When configuring network architecture, especially when designing a multi-VPC architecture, you must be careful to minimize traffic that traverses the internet.

If you need to connect servers across multiple VPCs, it is advisable to avoid routing through the Internet and instead connect via VPC Peering (connection between two VPCs) or a Transit Gateway to set up private communication, which can be a way to optimize costs.

In addition, security of the connection between the two site networks is improved through a private connection.

Common Service Area Configuration

When operating multiple information systems based on multiple VPCs or multiple projects, there may be services that are commonly used even though each system’s functions differ.

In such cases, you can design the architecture by configuring common services as a separate domain and having each information system share and use them.

Especially, servers with commercial software installed can maximize economic efficiency by configuring them as a common service area.

For example, you can assume a case where an organization with multiple branches nationwide integrates the headquarters and branch websites into the cloud through a unified migration.

Each branch’s homepage server can operate independently, but by grouping the components required for web services into a common service and designing it as a shared zone, cost reduction effects can be expected.

The following diagram is an example architecture that places common services in a common VPC to reduce cloud costs.

1. Deploy the systems of the headquarters, branch A, and branch B in separate VPCs, and set up an additional VPC for common services.
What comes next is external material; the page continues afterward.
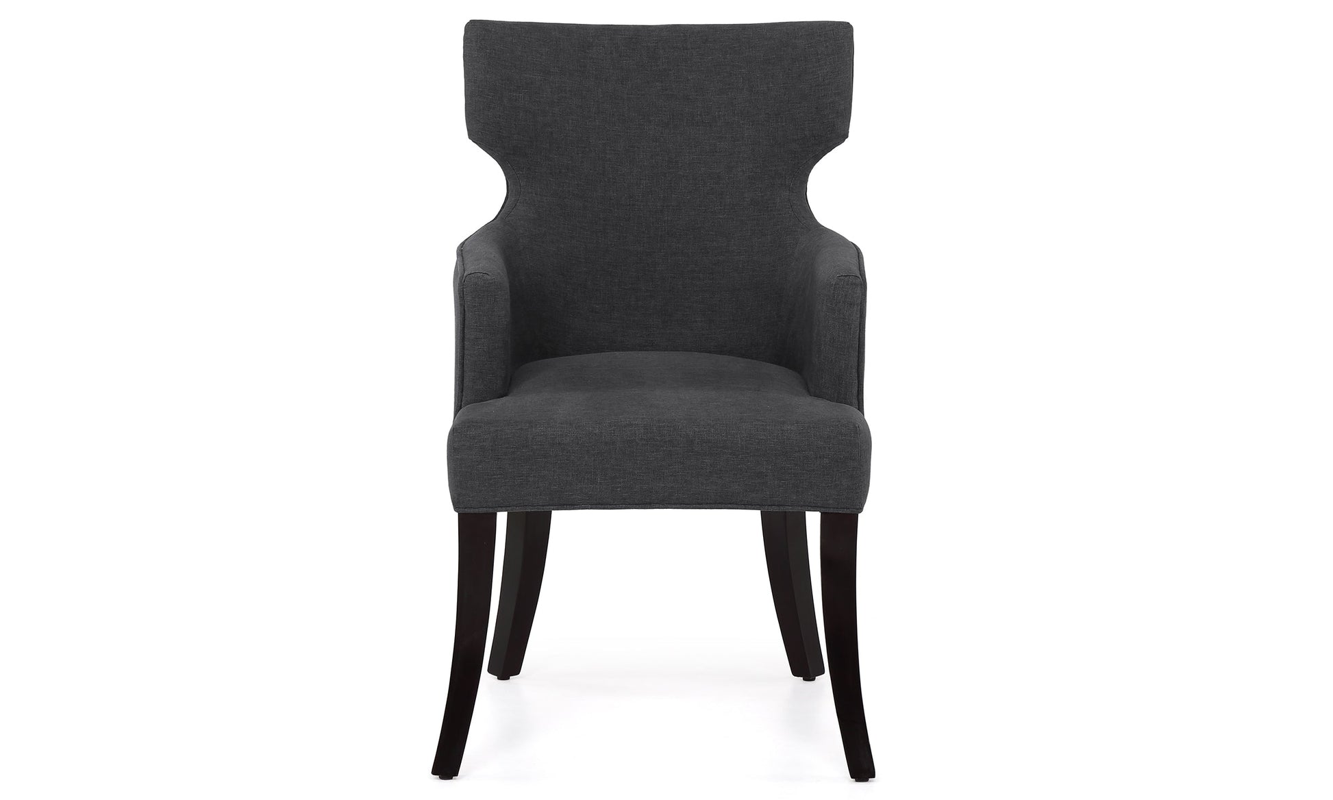 Amply padded and exquisitely designed for homes that are high on style, the Liana adds an air of sophistication to your modern dining room. Its beauty lies in details like the curved backrest, armrests, and splayed wooden legs.

Headquarters and branch VPCs establish VPC peering with the common service VPC using a hub-and-spoke method.

2. By installing the commonly required software on VMs in each VPC, we reduce costs by configuring all systems to share it. In the example architecture, the video and map services used on each homepage were configured as common services.

3. Bastion Server, Logging server, etc. can be configured separately as management servers for external access or information security purposes, allowing the external touchpoints to be unified. However, this single point requires preparation against external intrusion, and since it can become a single security vulnerability, caution is required.

In projects that host multiple systems with similar workloads, using a common service-based architecture can prevent duplicate investment in resources and license costs.

Additionally, you can obtain additional advantages in terms of ease of management and architectural scalability.